I agree saleability is a big issue if the only co-operation is the 1% regulated air time. One interesting aspect of LoRaWAN is the ability for the Network Server to manage various communication parameters. I think to manage the physical limitations such as this LoRaWAN network servers will need to co-operate in the way they manage their respective devices.
It would be interesting to run some simulations regarding scaling with managed devices (not naïve and random as per this study). As gateway density increases more devices would have the opportunity to shift into higher speed modes and with optimised power modes supplying only sufficient power to reach the closest gateway regional collisions should reduce.

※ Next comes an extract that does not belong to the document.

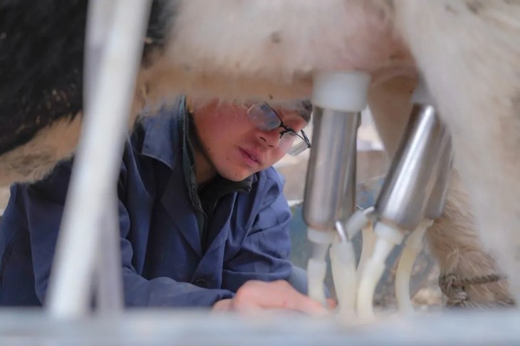 早晨赶到梨园公社的时候,新朝正在挤牛奶。纯纯的乳白色牛奶顺着吸奶器的管子慢慢流入奶桶中,不一会就灌装了小半桶,肉眼可见跟市场中售卖的普通牛奶不一样。这位牛妈妈每天只会被挤一次奶,还是因为小牛喝不完就浪费了。新朝讲他见过很多奶牛分娩后就被母子分离,每天挤三遍奶,没有价值直接被淘汰。看着农场最近喜添的两只小牛新丁在牛圈里撒欢儿,默默感叹:“幸好你们是在这儿呀!”
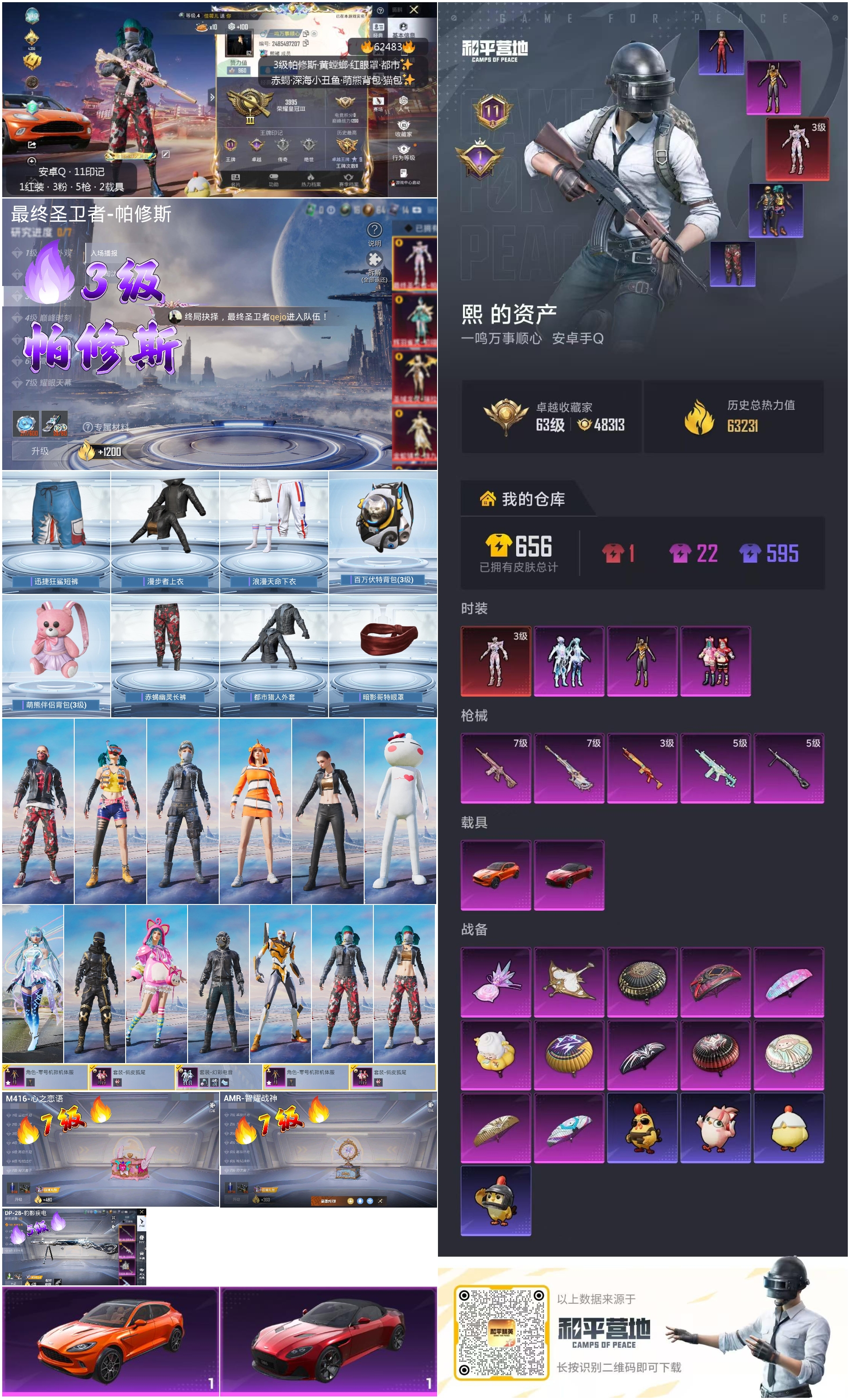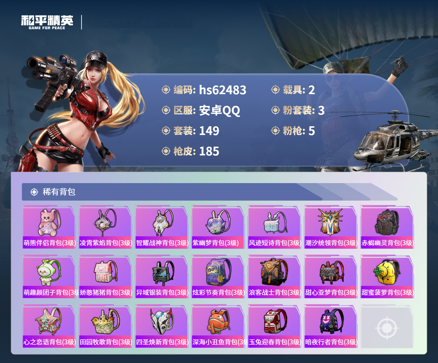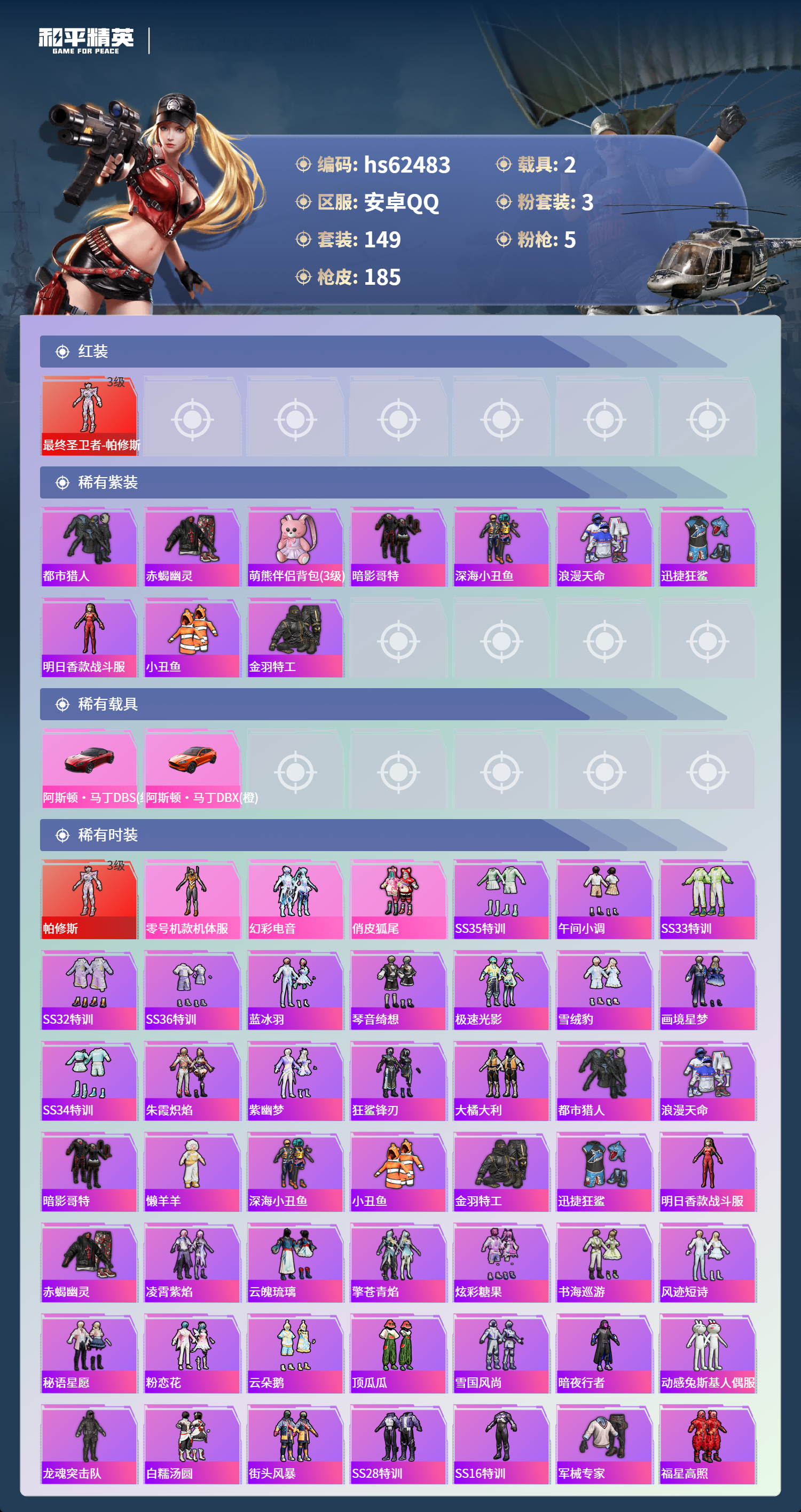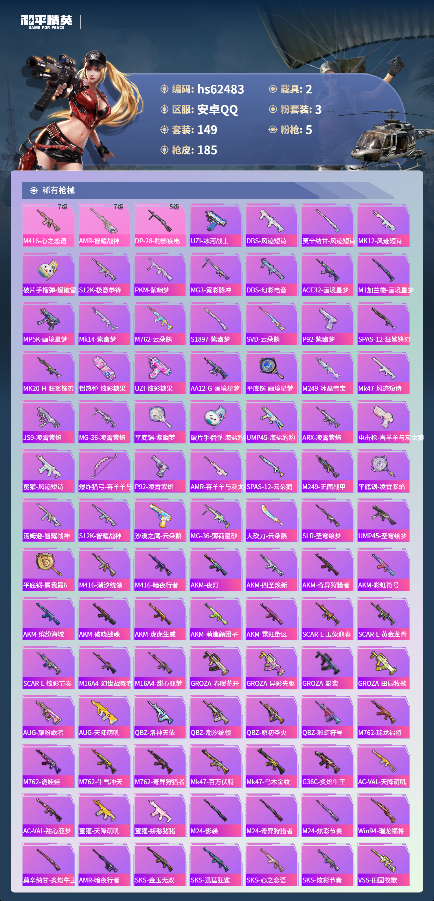 hs62483 安卓手Q-11王牌印记-1红装-3粉装-5特效枪-2载具-63231热力值-149套装-185枪皮-1卓越印记

I think part of the attraction of LoRaWAN as an organisation is that is has a chance to specify how the cooperation between network severs could work to optimise the network. It’s a big task in a free bandwidth spectrum but there are measures that could be taken against uncooperative devices eg not forwarding traffic that is not optimised etc.
Hopefully the LoRaWAN certification will mature to include such management recommendations. However it will remain difficult to live with ‘uncooperative’ LoRa devices. ie those who just use the PHY and don’t participate in a collaborative management. I suppose though in the end it’s in everyone’s best interest to participate in the management otherwise all connections become unreliable to the point of unusable. So perhaps mutual self interest will be enough to ensure the bandwidth is sufficiently well managed. Will certainly be interesting to see it evolve.